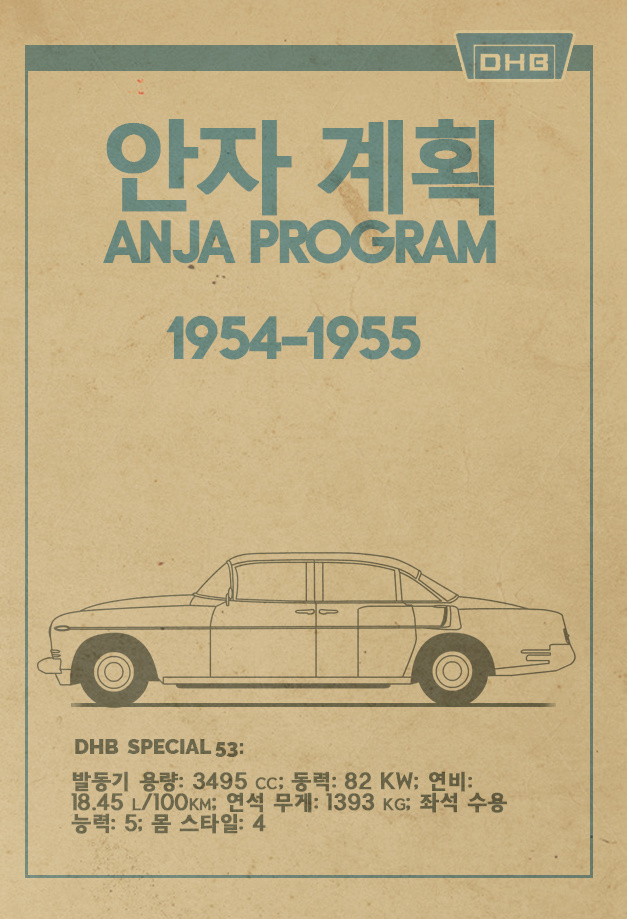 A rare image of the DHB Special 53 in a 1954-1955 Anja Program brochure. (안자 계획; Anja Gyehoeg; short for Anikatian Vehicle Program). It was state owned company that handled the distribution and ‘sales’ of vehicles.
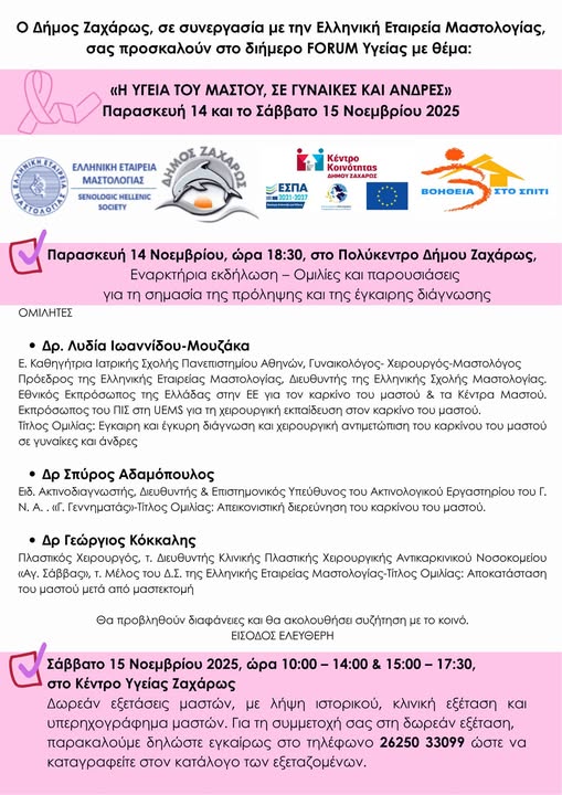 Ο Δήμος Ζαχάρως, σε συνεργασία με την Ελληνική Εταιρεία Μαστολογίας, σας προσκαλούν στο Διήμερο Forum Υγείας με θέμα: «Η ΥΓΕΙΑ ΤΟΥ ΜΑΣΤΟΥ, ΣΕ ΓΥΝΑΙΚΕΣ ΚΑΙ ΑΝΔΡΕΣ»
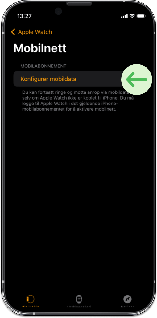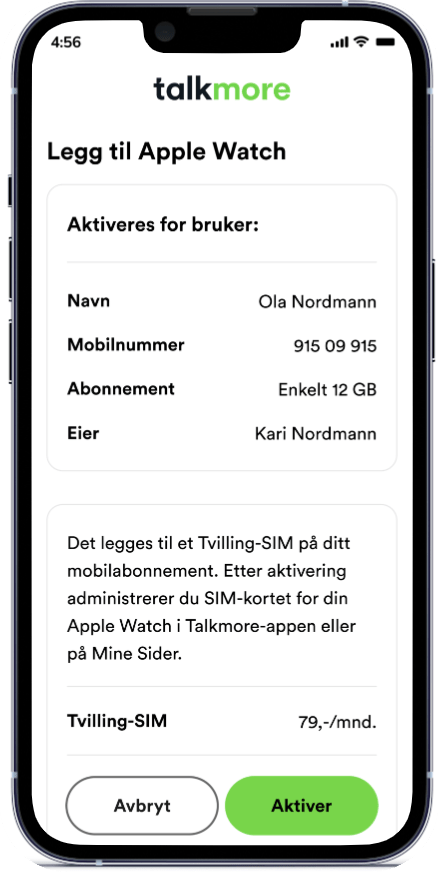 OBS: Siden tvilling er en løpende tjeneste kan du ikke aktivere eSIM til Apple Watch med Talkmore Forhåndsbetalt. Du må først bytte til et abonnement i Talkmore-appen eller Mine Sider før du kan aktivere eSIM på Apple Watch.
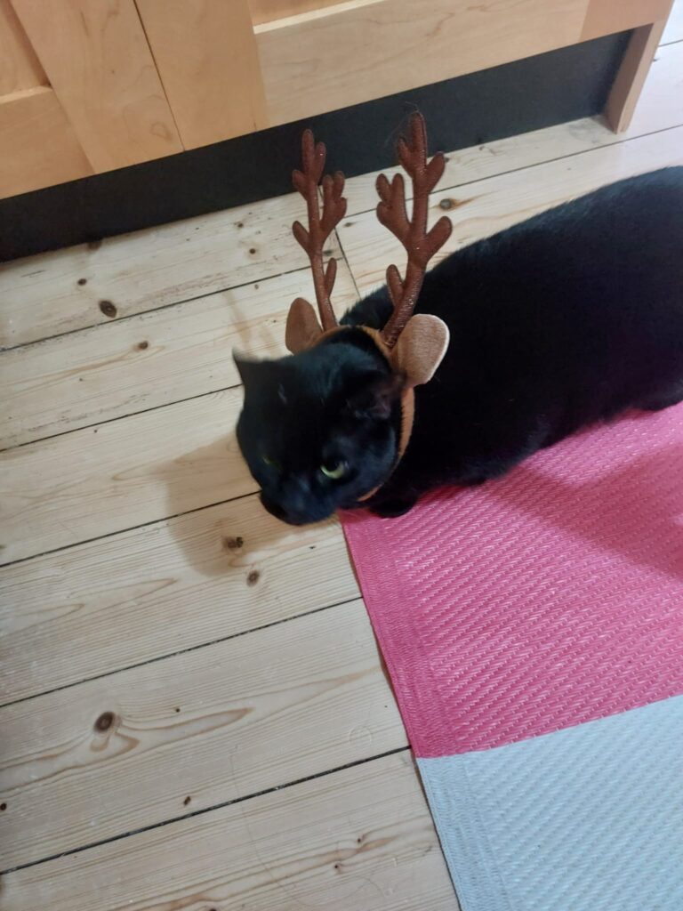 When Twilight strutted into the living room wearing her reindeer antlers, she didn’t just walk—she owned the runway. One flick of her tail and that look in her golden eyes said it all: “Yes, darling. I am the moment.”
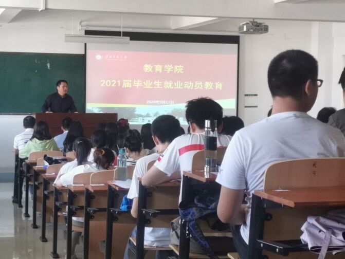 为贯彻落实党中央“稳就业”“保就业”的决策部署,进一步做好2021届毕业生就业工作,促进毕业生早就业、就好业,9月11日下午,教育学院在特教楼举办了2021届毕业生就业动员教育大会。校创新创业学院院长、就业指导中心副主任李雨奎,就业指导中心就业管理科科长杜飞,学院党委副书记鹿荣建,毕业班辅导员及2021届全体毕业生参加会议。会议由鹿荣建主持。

* * *

Instructions for the task - Your answer must be the full listing, word for word, minus any images.

Solution -
 A rare image of the DHB Special 53 in a 1954-1955 Anja Program brochure. (안자 계획; Anja Gyehoeg; short for Anikatian Vehicle Program). It was state owned company that handled the distribution and ‘sales’ of vehicles.
 Ο Δήμος Ζαχάρως, σε συνεργασία με την Ελληνική Εταιρεία Μαστολογίας, σας προσκαλούν στο Διήμερο Forum Υγείας με θέμα: «Η ΥΓΕΙΑ ΤΟΥ ΜΑΣΤΟΥ, ΣΕ ΓΥΝΑΙΚΕΣ ΚΑΙ ΑΝΔΡΕΣ»
 OBS: Siden tvilling er en løpende tjeneste kan du ikke aktivere eSIM til Apple Watch med Talkmore Forhåndsbetalt. Du må først bytte til et abonnement i Talkmore-appen eller Mine Sider før du kan aktivere eSIM på Apple Watch.
 When Twilight strutted into the living room wearing her reindeer antlers, she didn’t just walk—she owned the runway. One flick of her tail and that look in her golden eyes said it all: “Yes, darling. I am the moment.”
 为贯彻落实党中央“稳就业”“保就业”的决策部署,进一步做好2021届毕业生就业工作,促进毕业生早就业、就好业,9月11日下午,教育学院在特教楼举办了2021届毕业生就业动员教育大会。校创新创业学院院长、就业指导中心副主任李雨奎,就业指导中心就业管理科科长杜飞,学院党委副书记鹿荣建,毕业班辅导员及2021届全体毕业生参加会议。会议由鹿荣建主持。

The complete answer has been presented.